Indoor residual spraying (IRS) is among the major vector control strategies recommended for endemic populations by the World Health Organization (WHO). The success of IRS requires high coverage which is dependent on its acceptability. In Nigeria, IRS pilots have been ongoing and rejection has been a major setback to its coverage. We assessed coverage of IRS and determined factors associated with its acceptability in Nasarawa Eggon district, Nasarawa state, Nigeria.

METHODS

A cross-sectional survey involving 409 households selected using multi-stage sampling was carried out. Trained data collectors administered pre-tested structured questionnaire to collect data on socio-demographic characteristics of household heads or their representatives, their perceptions on IRS and factors associated with IRS acceptability. Descriptive, bivariate and multivariate analyses were done at 5% level of significance.

RESULTS

Majority of respondents were male (79.7%) and married (82.6%), and their mean age was 36.4 ± 13.3 years. Coverage of IRS was 99.3%. However, only 82.6% of those who previously accepted IRS were willing to accept it in again.
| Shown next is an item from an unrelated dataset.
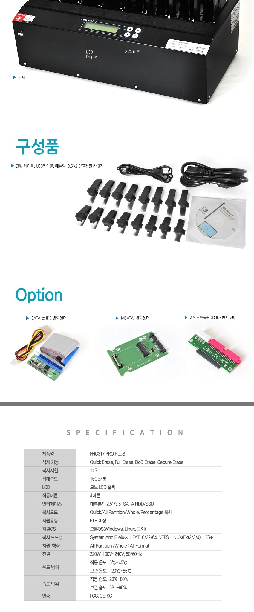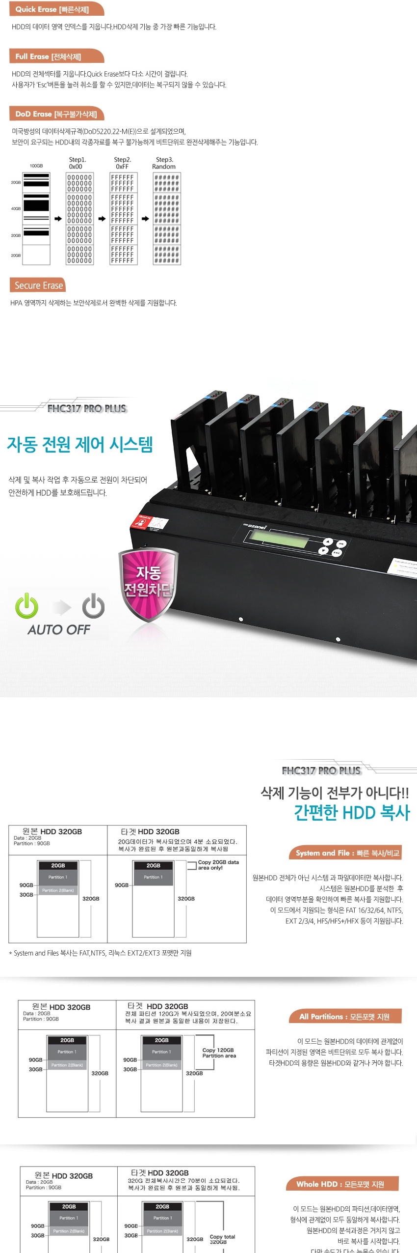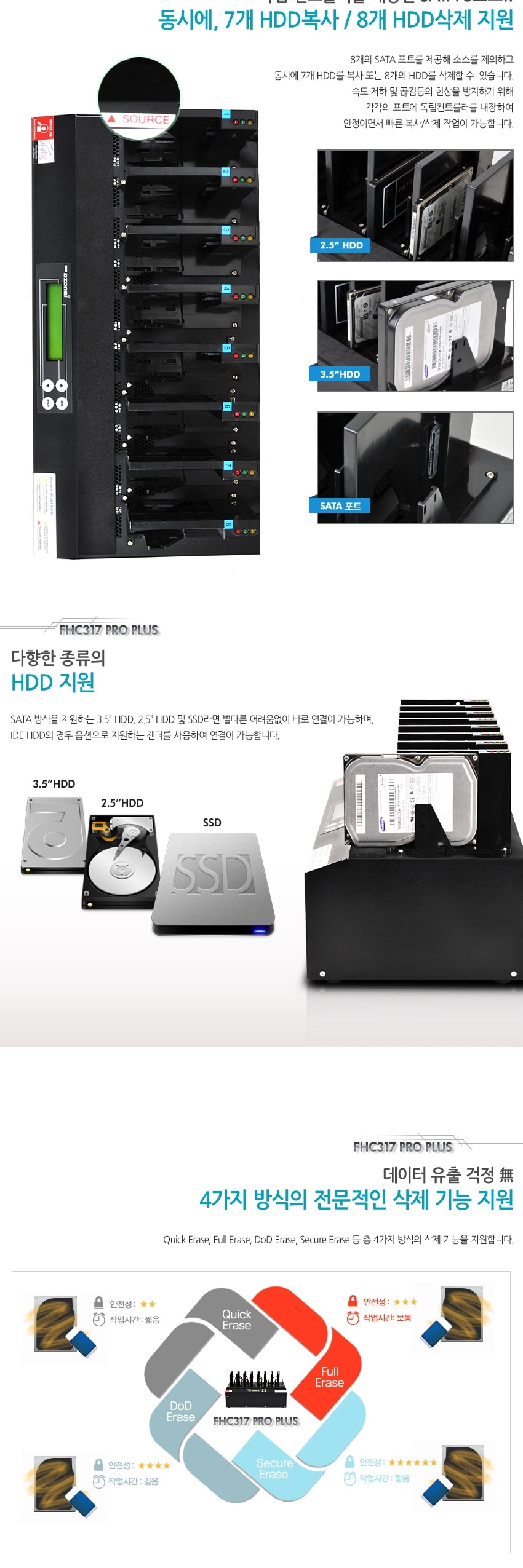 DZONEI FHC317 PRO PLUS (국정원 보안 적합성 검증 필 제품, 1:7 , 최대 18G/분.하드 완전 삭제,DOD ERASE, 하드삭제기, HDD WIPE, 와이핑)

Factors independently associated with acceptability were perceived effectiveness of IRS (aOR = 21.8; 95%CI = 6.9-68.8) and lower household cost of malaria prevention after IRS (aOR = 5.0; 95%CI = 1.1-21.8).

CONCLUSION

IRS coverage in the communities studied met WHO minimum standard of 85%. However, for similar results to be achieved in future, acceptability must be promoted by providing information on its effectiveness and its ability to reduce household cost of malaria prevention.

摘要

引言

室内滞留喷洒(IRS)是世界卫生组织(WHO)推荐给流行地区人群的主要病媒控制策略之一。IRS的成功需要高覆盖率,而这取决于其可接受性。在尼日利亚,IRS试点一直在进行,但拒绝接受是其覆盖率的一个主要挫折。我们评估了尼日利亚纳萨拉瓦州纳萨拉瓦埃贡区IRS的覆盖率,并确定了与其可接受性相关的因素。

方法

采用多阶段抽样选取409户家庭进行横断面调查。经过培训的数据收集员使用预先测试的结构化问卷收集关于户主或其代表的社会人口特征、他们对IRS的看法以及与IRS可接受性相关的因素的数据。在5%的显著性水平上进行描述性、双变量和多变量分析。

结果

大多数受访者为男性(79.7%)且已婚(82.6%),他们的平均年龄为36.4±13.3岁。IRS的覆盖率为99.3%。然而,之前接受IRS的人中只有82.6%愿意再次接受。与可接受性独立相关的因素是对IRS有效性的认知(调整后比值比[aOR]=21.8;95%置信区间[CI]=6.9-68.8)以及IRS后家庭预防疟疾成本较低(aOR=5.0;95%CI=1.1-21.8)。

结论

在所研究的社区中,IRS覆盖率达到了WHO规定的85%的最低标准。然而,为了在未来取得类似的结果,必须通过提供有关其有效性以及降低家庭预防疟疾成本能力的信息来提高可接受性。